International standards are fairly clear in this regard.
According to article 3 of the resolution 1984/50 of the Economic and Social Council of the United Nations, indeed, “Persons below 18 years of age at the time of the commission of the crime shall not be sentenced to death, nor shall the death sentence be carried out on pregnant women, or on new mothers, or on persons who have become insane.”
As far as the United States are concerned, however, the issue is more nebulous.

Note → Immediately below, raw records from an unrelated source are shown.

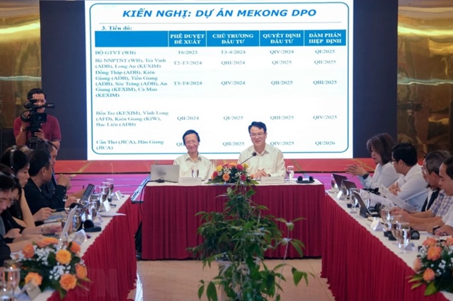 Tại cuộc họp, ông Phạm Hoàng Mai, Vụ trưởng Vụ Kinh tế Đối ngoại thuộc Bộ Kế hoạch và Đầu tư, cho biết các dự án Mekong DPO do Bộ Giao thông Vận tải, Bộ Nông nghiệp và Phát triển Nông thôn cùng 13 địa phương vùng Đồng bằng sông Cửu Long đề xuất, gồm 16 dự án với tổng mức đầu tư 99.133 tỷ đồng; trong đó, vốn đối ứng của Việt Nam là 30.037 tỷ đồng, vốn vay nước ngoài 2,932 tỷ USD (tương đương 69.096 tỷ đồng).
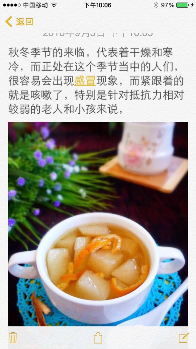 红枣、生姜、红糖都是发暖的,而且都对身体有益。白萝卜大家都知道,对治疗感冒有一定作用。只是在用量上还要根据小儿年龄和口味作适量增减。 【附1】咳嗽 咳嗽,咳嗽要分为有痰的咳嗽和无痰的咳嗽(就是干咳),我这个方法对于干咳没什么作用,对于有痰的咳嗽非常灵光,屡试屡爽。 方法也很简单:去买一个白萝卜,一定要白萝卜哦,刚买回来后切一段,划多少自己定,刚没关系的,然后切成丁,生的,凉然后把萝卜丁放碗里或杯里都可以,然后倒上几勺蜂蜜,最好是紫云英蜂蜜,也没规定多少,反正根据你萝卜丁的量来定,二三勺这样吧。然后放着,千万不用煮哦。 放上四小时之后,萝卜汁水就出来了,这时候用勺子去搅一搅,就是把蜂蜜和萝卜汁水搅匀了,然后旁边准备一杯温开水,然后把这种搅匀了的蜂蜜萝卜汁水倒入温开水中,就可以把这个水喝下去了,一天喝上三四次,一般很厉害的咳嗽当晚就会改善,尤其是晚上咳嗽得很厉害的幼儿能明显感觉到。 喝上三四天就好了,厉害的话一天中的次数喝多点,汁水浓点。几个月的宝宝都可以喝,放在奶瓶中喝就可以,比吃中药好多了,有痰的咳嗽效果很好。【附2】发烧 生病的宝宝越来越多,无非就是感冒发烧、咳嗽等,凡咳嗽久了还容易引起支气管炎,甚至肺炎,有两招小小的办法对付咳嗽和发烧,效果特别好,妈妈们都可以记下,如果遇到自己家的宝宝碰上这种情况了可以别急了,自己照我说的去做下,也很简单。
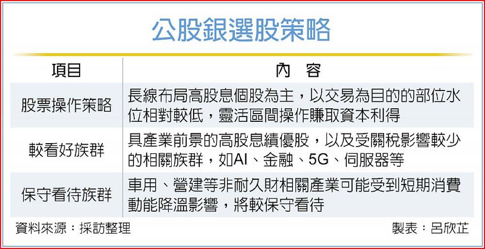 選股方面,合庫銀行指出,將選擇具產業前景的高股息績優股分批建置;臺灣銀行說明,將伺機布局產業前景良好、獲利轉佳及受關稅影響較少的相關族群,如AI、金融、5G、伺服器等;土地銀行則提到,將優先挑選需求有支撐的產業類型,例如AI伺服器供應鏈,而車用、營建等非耐久財相關產業可能受到短期消費動能降溫影響,將較保守看待。

On 20 June 2002, the US Supreme Court established in Atkins v. Virginia that the death sentence on people with intellectual disabilities violates the ban of the Eighth Amendment against cruel and unusual punishments (thus nullifying the sentence Penry v. Lynaugh of 1989).

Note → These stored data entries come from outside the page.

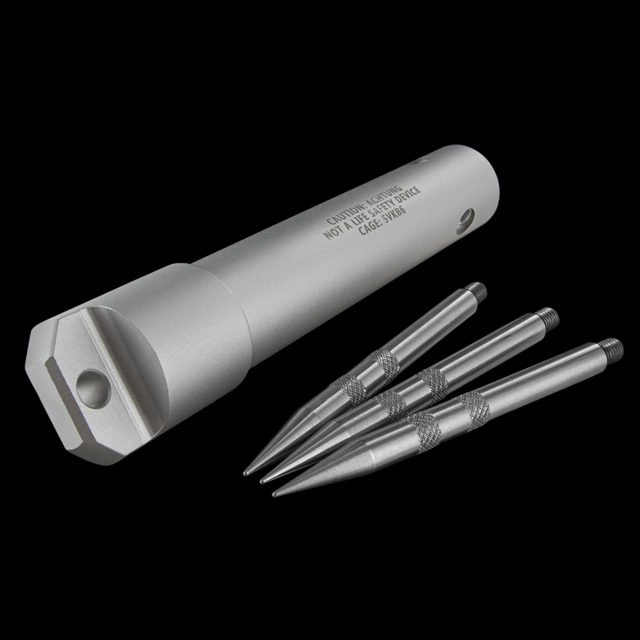 Built to endure through serious field use, the Grappling Hooks feature T6061 aluminum capsules and stainless steel spikes. For safe and secure transportation, the spikes unscrew and fit easily into the O-ring sealed storage compartment. Once the hook is assembled and you run 550 or smaller cord through the attachment point, fling it up into a tree to catch a dangerous widowmaker, pull hard to reach bags down from the top shelf, or hang up Christmas decorations by stringing lights through your cord.
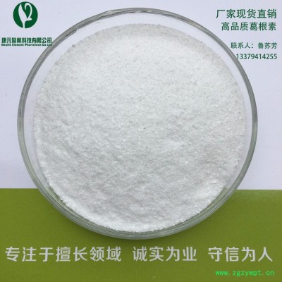 优质的药材原料 原料来源:陕西秦巴山脉野生柴葛 原料含量:>4.5% 质量:无霉变无地上部分 原料水分:<12% 重金属:<10PP 高质量的提取物 有效成分: 葛根素98% 包装规格 规格桶 25KG/桶 规格箱 按客户要求 本品是可用于医药、保健品及饲料添加剂等领域产品的原料中间体,请在专业人士指导下使用。
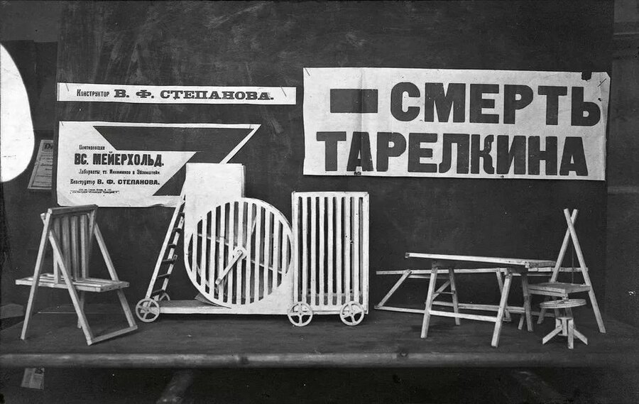 Так, будучи художником-постановщиком спектакля «Смерть Тарелкина», сама Степанова подписывалась исключительно как «конструктор» постановки. Неудивительно, ведь её декорации были заточены не столько на декоративную красоту, сколько на взаимодействие с актером, видоизменение, многозадачность.
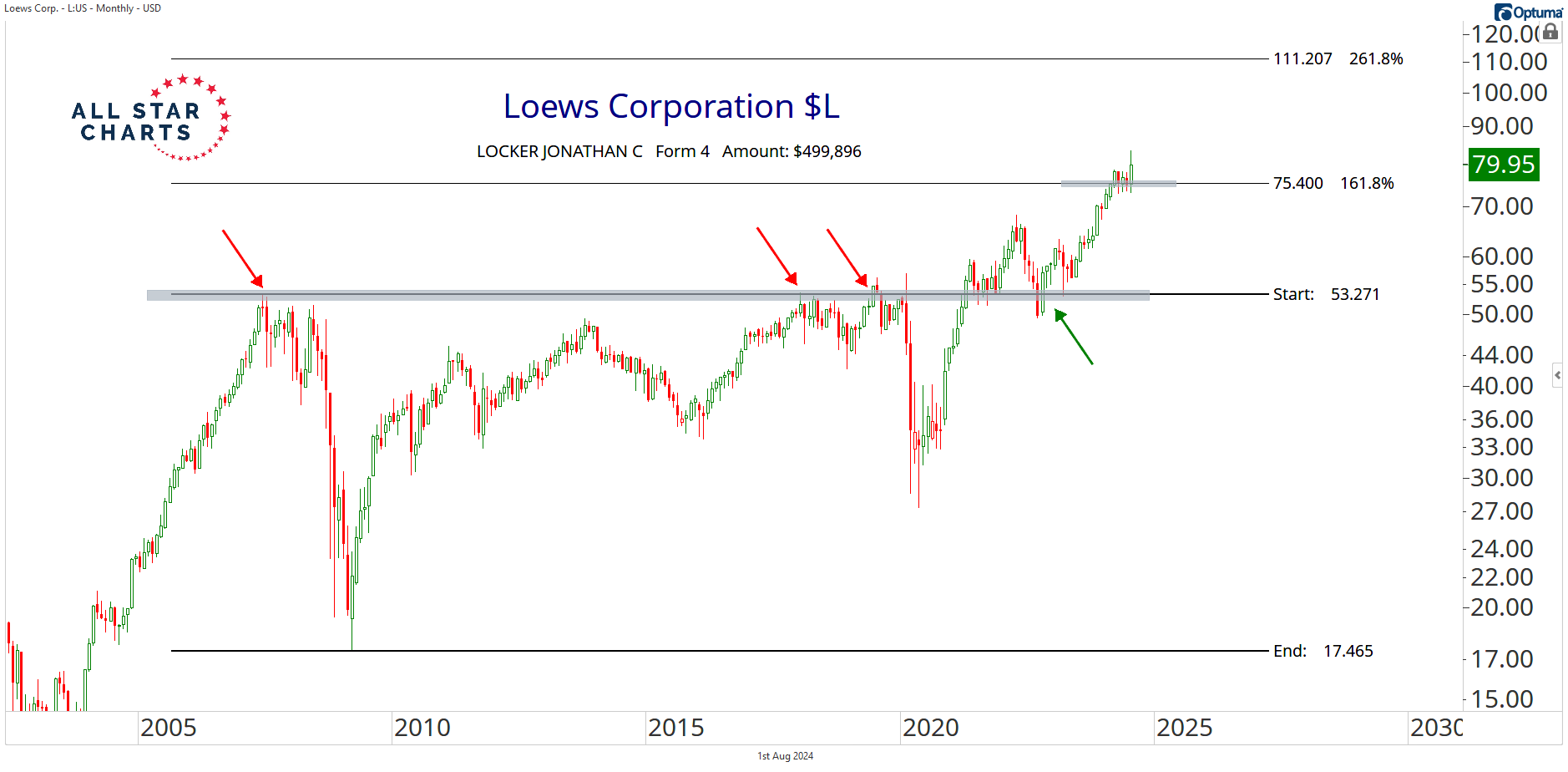 After completing a multi-decade basing pattern in 2021, Loews Corporation has screamed higher to the 161.8% extension level and shows no signs of slowing down.
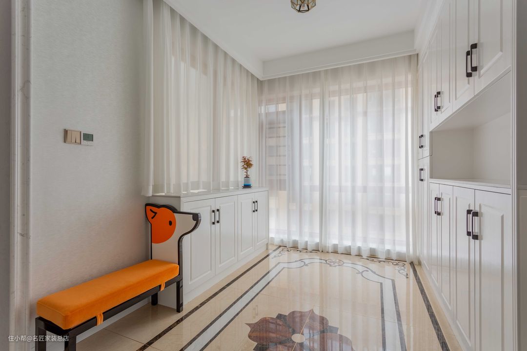 特意空出的生活小阳台,孩子们可以在这里玩耍,两侧都添加了柜体来增加储物空间。嵌入式的白色柜体不落灰,收纳空间大,白色显得干净素雅。小狗模样的长条座椅为整体空间加了一丝灵动,加上花纹处理的地板,不至于太单调。

This does not mean that executions are suspended. It means that states with death penalty must each develop procedures to guarantee that people with intellectual disabilities are not executed. But it isn’t an easy task.

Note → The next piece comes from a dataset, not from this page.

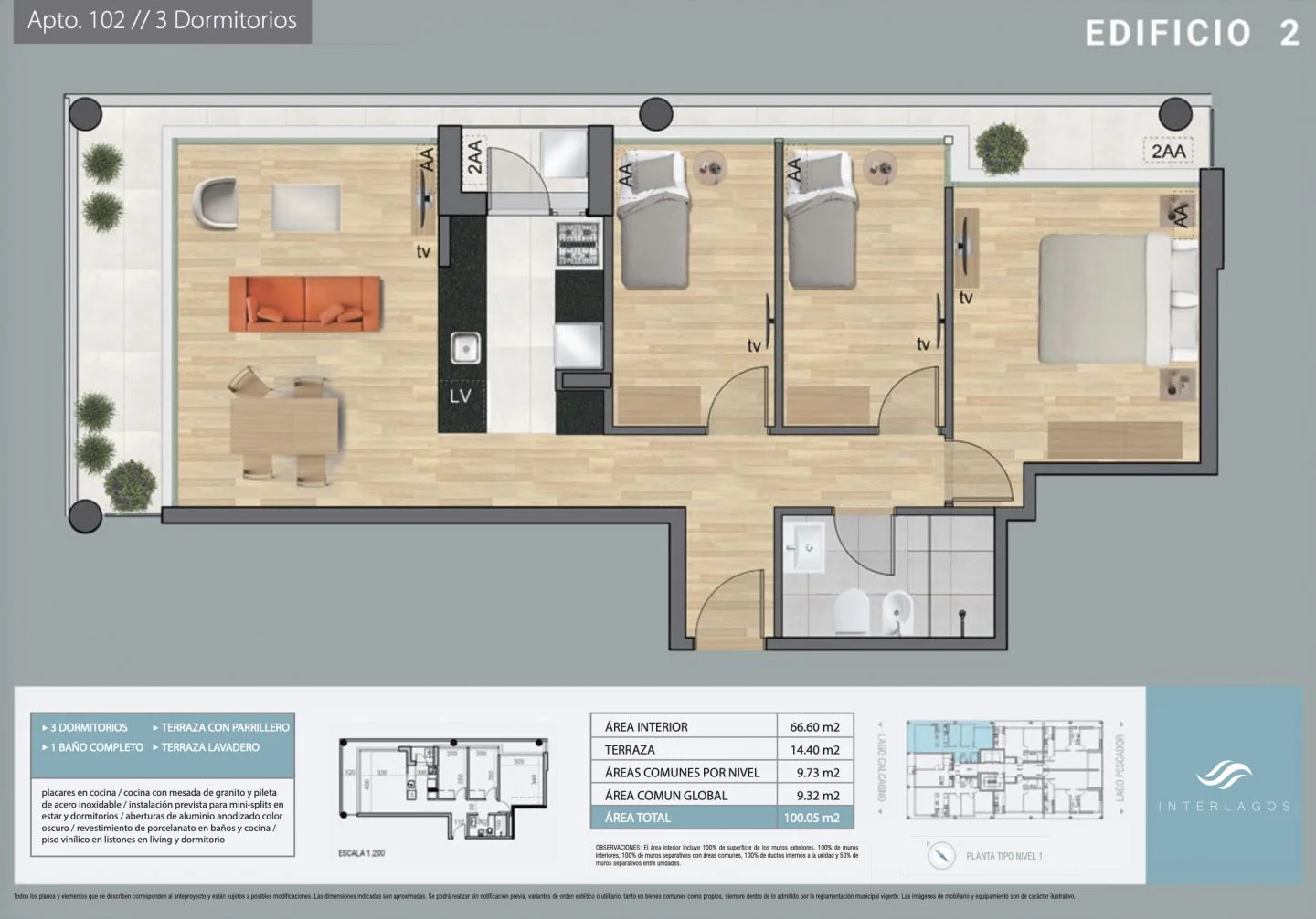 Living comedor con enormes ventanales generando alusión a un barco con vista hacia el lago. Salida a terraza. Cocina semi-integrada con salida a terraza lavadero. 3 Dormitorios, uno de ellos con salida a terraza. 1 baño completo. Excelentes terminaciones y amplios ambientes. Dos dormitorios con placares.

Intellectual disabilities are described by the American Association on Mental Retardation as "significantly below the average of the general intellectual functioning”. The following factors are considered to define a person as such: intelligence quotient (usually below 70), difficulties in facing daily life, the display of deficits before adulthood.
The problem is that these factors are often difficult to define in the context of a trial. For instance, some states have defined intellectual disabilities with a fixed number of IQ, even though experts agree that numbers alone do not determine much. According to the law in Idaho, a person with an IQ of 71 could be sentenced to death, even if qualified as intellectually disable.
Prosecutors and defence attorneys fight in court to establish when and how this “certification” can be given, not to mention those cases in which this condition is not even presented to the jury during the trial.
The Montgomery case is exemplary in this regard: the jury never saw the MRI of the woman’s brain, which showed loss of tissue in the parietal lobe and in the limbic system, and abnormally big ventricles that indicate cerebral damage. Not even the PET scans were taken into consideration, yet they showed anomalies in the cerebral metabolism, indicative of cerebral dysfunctions.
Even if there are many ranges of intellectual disabilities, this condition always entails severe limitations of the ability to understand consequences and the gravity of one’s actions and to control one’s own behaviour. A transgressor with a severe mental disorder should not be included in the category of the most culpable lawbreakers, for whom death penalty is reserved; rather, he/she should be looked after and treated.
As Sandra Babcock – founder and director of the Cornell Center on the Death Penalty Worldwide and consultant to the legal team of Montgomery – declared to the Guardian, Lisa (like many other death-row prisoners) «is not the worst of the worst murderers. She is the most desperate among desperate people».